He waited to elicit some sort of acknowledgment, and what he got was illuminating. The first thing old Waldmeister had to say was not: ‘What was his name?’ but: ‘How much is it, this legacy?’
‘When cleared it should be in the region of fifteen hundred pounds.’ Not so great as to turn out the guard in a full-scale hunt for him, but great enough to pay the expenses of a solicitor’s clerk as far as Scheidenau, in these days of off-peak tourist bargain travel.’ The old man nodded weightily. Property is property, and the law is there to serve it.
‘How is he called, this young man?’
‘His name is Robert Aylwin.’
‘I do not remember such a name. The last record of him, you say? It is a long time ago. To remember one visitor is impossible.’
‘You will remember this one, when I recall the circumstances.’ And he recalled them, very succinctly and clearly. There were names enough to bolster everything he had to say. Fredericks had regularly used this inn on those tours of his; neither he nor his students would be so easily forgotten. ‘I understand from a man called Charles Pincher, who shared a room here with him, that Aylwin left his suitcase and his ’cello in the room when he went away, and that Dr. Fredericks gave them into your charge, expecting the owner to come back to collect them. Is that so?’
‘It is so,’ said the old man without hesitation. ‘The name I had forgotten, but this of the cases and the Herr Doktor, that I remember.’

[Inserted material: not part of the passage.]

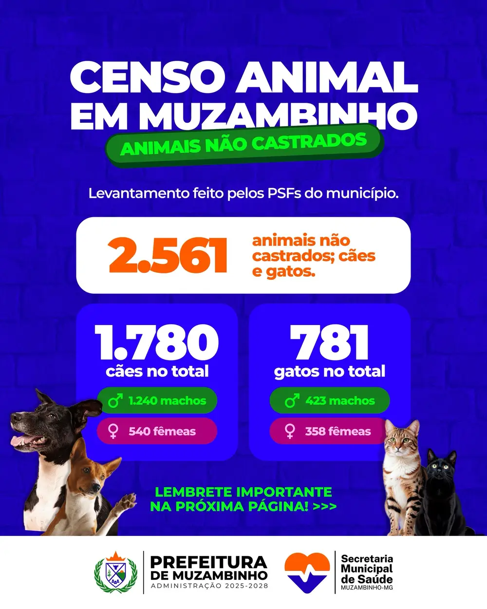 A Prefeitura de Muzambinho, por meio da Secretaria Municipal de Saúde, divulgou os resultados do Censo Animal realizado no município, com foco em identificar cães e gatos que ainda não foram castrados. O levantamento, feito pelas equipes das Unidades de Saúde da Família (PSF), contabilizou 2.561 animais não castrados, sendo 1.780 cães e 781 gatos.
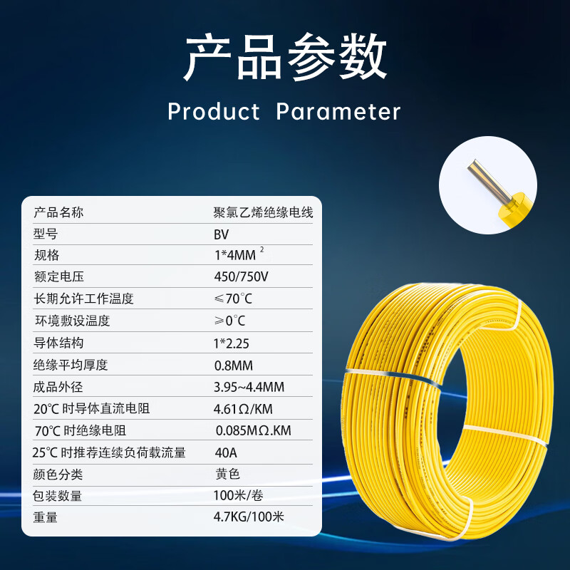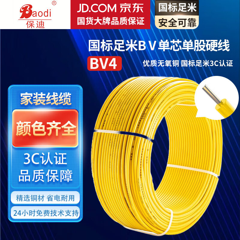 保迪 电线电缆 BV1*4平方450/750V 单芯单股铜芯塑料线 国标照明家装铜芯电线 黄色100米

‘In that case I’m hoping that you can help me to the next link in the chain, that he gave you at any rate a forwarding address, when he came back for them.’
‘He did not come back for them,’ said Waldmeister, and volunteered nothing more.
‘He didn’t? Then in all these years you’ve had no word from him?’ The chill at the back of his neck, like icy fingers closing there, made Francis aware that he had never believed in this. Considered it, yes; believed in it, no.
‘No word. That is right.’
‘Did you… expect to?’ What he meant was, did you know of any reason why it would be no use expecting it.
‘I expected, yes. People do not just go away and leave their belongings. You understand, it is a very long time since I have thought of this matter. No, he did not come, and I knew no way to find him. I kept the things for him, that was all I could do. But he did not fetch them.’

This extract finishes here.